» WORK REQUIRED:
Copying rule for the data below: pictures stay out, and only the lines from the one with "Metal Racks Set" down to the one with "在冲浪板上做下蹲动作的可爱女孩C4D模型", inclusive, are repeated exactly.
-- MATERIAL FOR THIS EXERCISE follows --
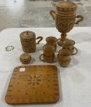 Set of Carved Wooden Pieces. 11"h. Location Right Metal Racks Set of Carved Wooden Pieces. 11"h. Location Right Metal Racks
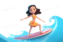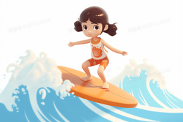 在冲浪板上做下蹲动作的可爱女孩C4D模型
-- MATERIAL FOR THIS EXERCISE concluded --
-- MATERIAL FOR THIS EXERCISE follows --
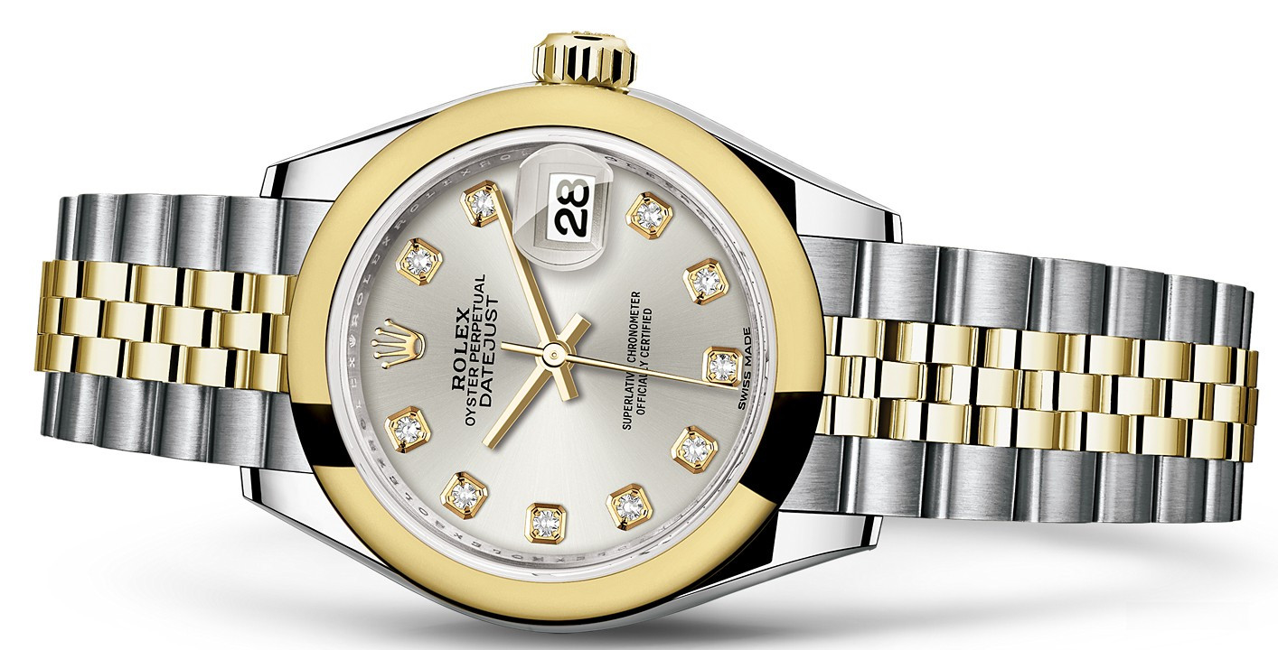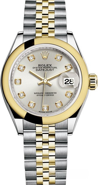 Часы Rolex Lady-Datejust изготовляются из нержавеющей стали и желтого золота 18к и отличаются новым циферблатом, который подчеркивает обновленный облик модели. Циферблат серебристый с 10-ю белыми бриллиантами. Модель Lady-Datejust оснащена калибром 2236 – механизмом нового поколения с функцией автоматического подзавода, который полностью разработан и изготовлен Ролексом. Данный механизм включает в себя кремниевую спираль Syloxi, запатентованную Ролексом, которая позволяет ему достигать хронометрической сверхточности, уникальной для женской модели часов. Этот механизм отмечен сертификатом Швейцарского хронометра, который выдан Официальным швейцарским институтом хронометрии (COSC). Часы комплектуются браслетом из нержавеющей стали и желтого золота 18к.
-- MATERIAL FOR THIS EXERCISE concluded --
» TASK OUTPUT:
 Set of Carved Wooden Pieces. 11"h. Location Right Metal Racks Set of Carved Wooden Pieces. 11"h. Location Right Metal Racks
 在冲浪板上做下蹲动作的可爱女孩C4D模型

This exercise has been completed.